**Data shown**.
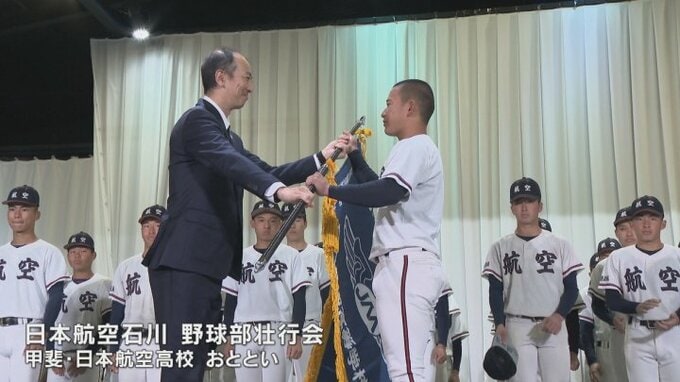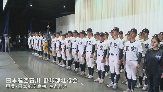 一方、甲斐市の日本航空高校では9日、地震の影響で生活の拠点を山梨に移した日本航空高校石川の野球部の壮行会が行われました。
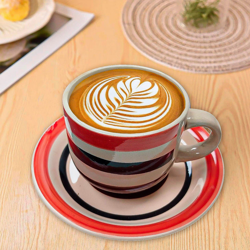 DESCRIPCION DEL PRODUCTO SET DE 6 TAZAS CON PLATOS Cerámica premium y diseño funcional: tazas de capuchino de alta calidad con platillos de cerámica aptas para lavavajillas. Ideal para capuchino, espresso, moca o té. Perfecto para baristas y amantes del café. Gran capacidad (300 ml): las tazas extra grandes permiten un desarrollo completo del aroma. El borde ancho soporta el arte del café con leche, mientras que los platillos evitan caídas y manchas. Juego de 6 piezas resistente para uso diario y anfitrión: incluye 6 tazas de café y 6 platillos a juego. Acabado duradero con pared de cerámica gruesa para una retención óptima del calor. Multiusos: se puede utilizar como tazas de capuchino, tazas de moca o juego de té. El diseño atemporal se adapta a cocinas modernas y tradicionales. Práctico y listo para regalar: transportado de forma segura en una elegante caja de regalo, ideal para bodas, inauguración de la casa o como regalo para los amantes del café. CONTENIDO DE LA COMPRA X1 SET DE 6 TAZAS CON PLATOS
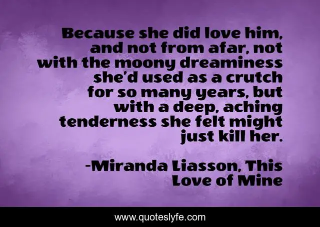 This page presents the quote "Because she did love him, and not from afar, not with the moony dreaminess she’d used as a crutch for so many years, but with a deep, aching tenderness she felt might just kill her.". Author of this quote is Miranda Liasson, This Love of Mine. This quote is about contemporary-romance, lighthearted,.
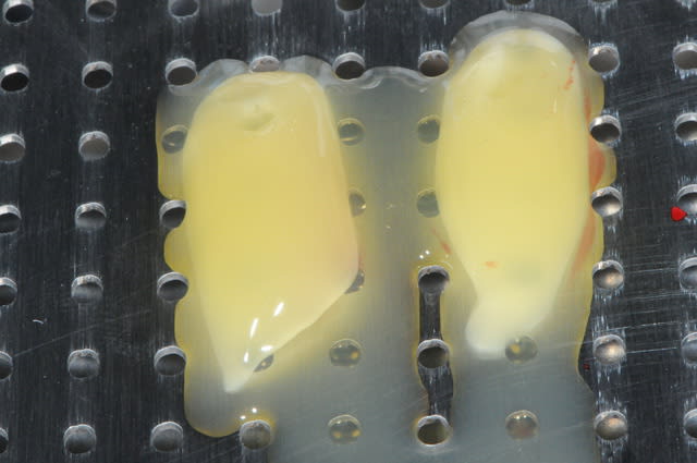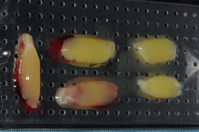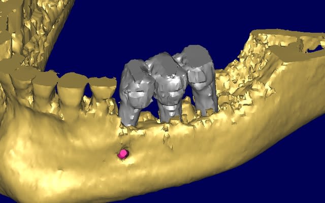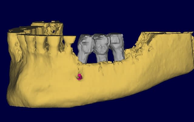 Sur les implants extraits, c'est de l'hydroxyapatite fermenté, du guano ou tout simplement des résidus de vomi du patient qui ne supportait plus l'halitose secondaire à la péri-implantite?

**Work instructions**. Pictures stay out; output the lines from the top of the listing above through the line containing "DESCRIPCION DEL PRODUCTO", exactly as they stand.

**Answer for this exercise**.
 一方、甲斐市の日本航空高校では9日、地震の影響で生活の拠点を山梨に移した日本航空高校石川の野球部の壮行会が行われました。
 DESCRIPCION DEL PRODUCTO SET DE 6 TAZAS CON PLATOS Cerámica premium y diseño funcional: tazas de capuchino de alta calidad con platillos de cerámica aptas para lavavajillas. Ideal para capuchino, espresso, moca o té. Perfecto para baristas y amantes del café. Gran capacidad (300 ml): las tazas extra grandes permiten un desarrollo completo del aroma. El borde ancho soporta el arte del café con leche, mientras que los platillos evitan caídas y manchas. Juego de 6 piezas resistente para uso diario y anfitrión: incluye 6 tazas de café y 6 platillos a juego. Acabado duradero con pared de cerámica gruesa para una retención óptima del calor. Multiusos: se puede utilizar como tazas de capuchino, tazas de moca o juego de té. El diseño atemporal se adapta a cocinas modernas y tradicionales. Práctico y listo para regalar: transportado de forma segura en una elegante caja de regalo, ideal para bodas, inauguración de la casa o como regalo para los amantes del café. CONTENIDO DE LA COMPRA X1 SET DE 6 TAZAS CON PLATOS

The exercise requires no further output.